Jean-Pierre Watelle

Jean-Pierre Watelle est, entre autres, l’entraineur de Grégory Beugnet et Fanny Pruvost.

 

Directeur général de la Ligue d’athlétisme du Nord-Pas-de-Calais, Jean-Pierre Watelle est également un entraineur de renom qui compte plusieurs athlètes de haut niveau dans son groupe. Et alors qu’il s’épand peu dans la presse, il a accepté de se livrer à Track and Life.

Quand nous avions tenté une première fois, début avril, de fixer un rendez-vous avec Jean-Pierre Watelle, celui-ci nous avait demandé d’attendre le déroulement de la Route du Louvre, dont il gère l’organisation avec ses équipes de collaborateurs. En précisant : « j’aimerais qu’on ait le temps car une fois que je parle, ça peut durer longtemps. »

Coup de bluff pour entrer à la Ligue

Quelques jours après avoir fait courir plus de 15 000 personnes entre Lille et Lens, le directeur de la Ligue d’athlétisme du Nord-Pas-de-Calais nous a donc reçus dans les bâtiments de l’Aréna Stade Couvert de Liévin. Et alors que nous allions nous installer dans la « salle Merlene Ottey », auteure du record du monde du 200 m en salle (21’’87) en 1993 à Liévin, Jean-Pierre Watelle était déjà happé par les deux responsables de l’Arena. Le thème du débat : à quand la réouverture de la salle couverte, une nouvelle fois repoussée après la découverte de nouveaux problèmes ? « Il faudrait que la structure puisse rouvrir, lâche-t-il, un brun dépité. C’a coupé l’élan de la Ligue. Tous les ans, on nous dit que ça va rouvrir. On ne peut pas se projeter sur l’organisation d’une saison indoor avec un meeting international ou un Championnat de France en salle ou même sur une dynamique de haut niveau. Cela pourrait pourtant nous permettre d’améliorer le niveau de pratique et de mettre les meilleurs athlètes dans de très bonnes conditions. »
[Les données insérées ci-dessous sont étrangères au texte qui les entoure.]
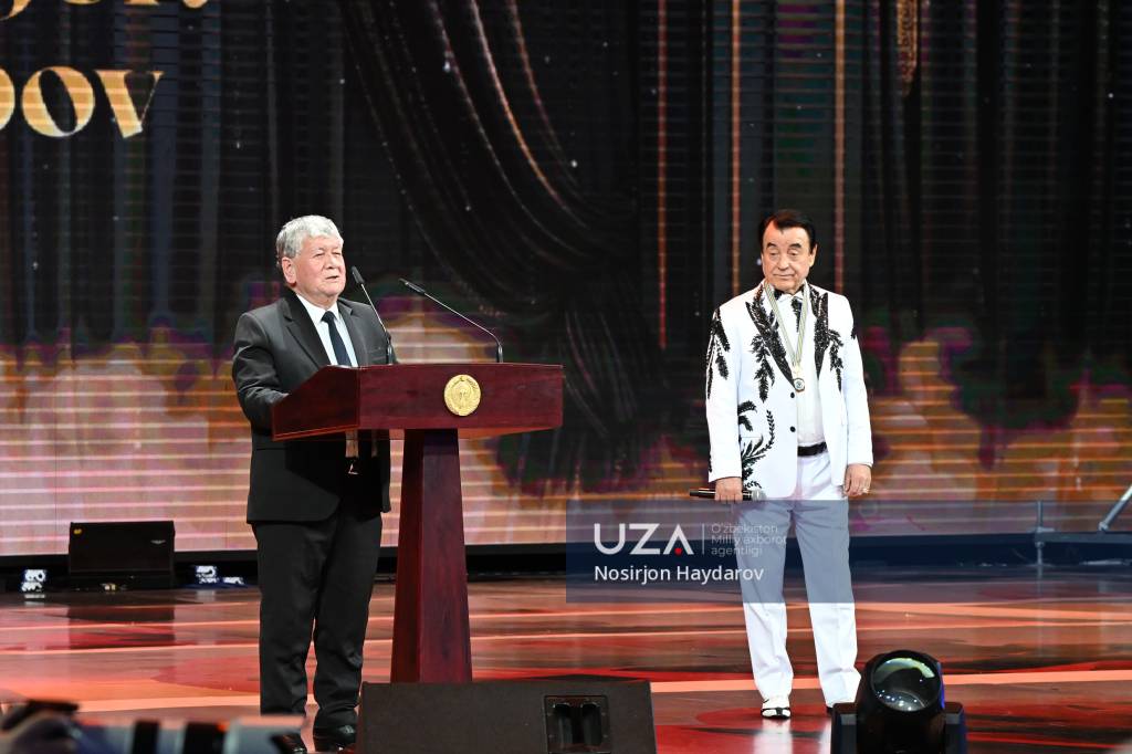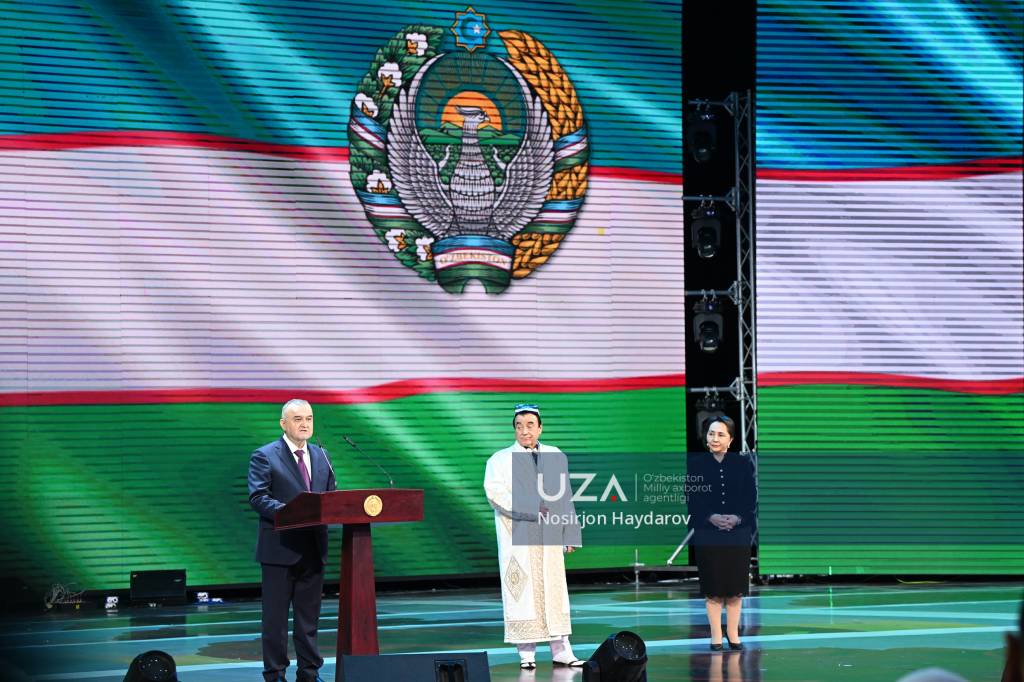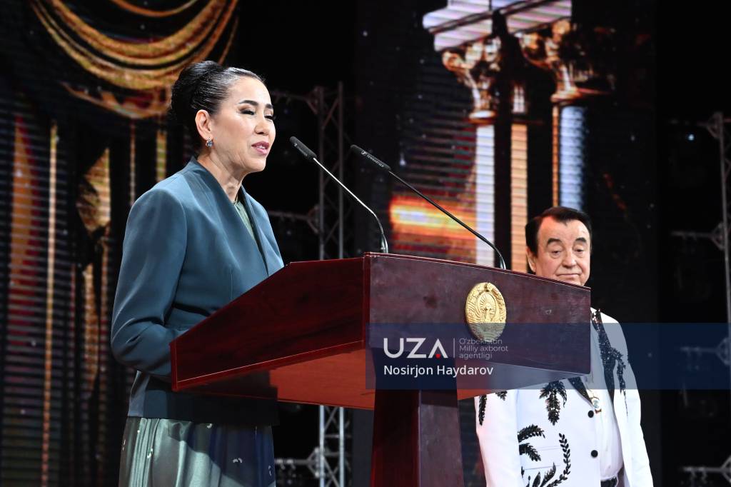 Ўзбекистон Республикаси Олий Мажлиси Сенати Раиси Танзила Норбоева мукофотни санъаткорга топширди.

En quelques mots, on comprend qu’il connaît tous les maillons de la chaîne de sa Ligue. Rien d’étonnant puisqu’il y a quasiment occupé tous les postes depuis son entrée en 1997 sur un coup de bluff. « A l’époque, je venais de quitter l’armée et j’avais trouvé un emploi dans une société privée. Un soir, le Conseiller Technique Sportif de l’époque, Gérard Cambreling, m’a appelé pour savoir si j’étais intéressé par un CDD de deux mois pour réaliser une étude sur l’implantation de l’athlétisme dans le Nord-Pas-de-Calais. Les seules conditions étaient que je devais avoir un ordinateur et savoir utiliser les logiciels Word et Excel. J’ai dit : “oui, pas de problème“. Dès le lendemain matin, je me suis acheté un ordinateur et j’ai demandé à l’un de mes athlètes de me faire une formation express. J’ai commencé comme ça. »

« Si un jour on m’avait dit que j’organiserais le meeting de Liévin »

S’en suit un autre CDD, avant un emploi jeune, puis un poste de cadre technique fédéral, créé spécialement pour lui. « Depuis 2000, j’ai occupé tous les postes, rigole-t-il. Tout ce qu’on peut imaginer faire dans une Ligue, de l’organisation des stages au Kid’s Athlé, je l’ai fait. Je n’ai jamais rien refusé. S’il faut faire des sandwiches ou mettre des barrières, je le fais. » Directeur des compétitions de la Ligue depuis 2004, Jean-Pierre Watelle a également développé ses capacités d’organisation en gérant les meetings de Villeneuve d’Ascq (2010 et 2011) et de Liévin (2011 et 2012). « Organiser le meeting de Liévin, quand tu es un passionné d’athlé, c’est le top. J’étais dans la salle en 1993 quand il y a eu les records du monde de Bubka (6,14 m à la perche) et Ottey. Si un jour on m’avait dit que je m’occuperais de ce meeting là… Surtout qu’en 2012, c’est le summum. C’est le plus gros meeting qu’on ait jamais organisé. Le plateau était tellement fort que j’ai pris certains Français juste pour faire plaisir. Trois semaines avant, on n’avait plus de billets à vendre. »

Et depuis 2011, il occupe le poste de directeur général de la Ligue Nord-Pas-de-Calais d’athlétisme, de quoi ajouter de nouveaux dossiers sur son bureau. « Mon boulot consiste à gérer tout l’athlétisme, sous toutes ses facettes, avec l’aide de bons élus, dont mon président Philippe Lamblin, sans qui rien de tout cela ne serait possible. Par exemple, cela fait cinq années que l’on n’a pas augmenté le prix de notre part sur les licences car on a trouvé des ressources, comme l’organisation d’événements. Mais c’est vrai que, malgré le fait que je travaille dans ma passion, c’est très chronophage. Il y a des gens qui me demandent si un emploi à la Ligue c’est un temps plein ? Pour moi, une journée classique c’est 10-12 heures de boulot et du coup, par moment j’ai un peu délaissé ma vie personnelle et je vois moins mes athlètes. »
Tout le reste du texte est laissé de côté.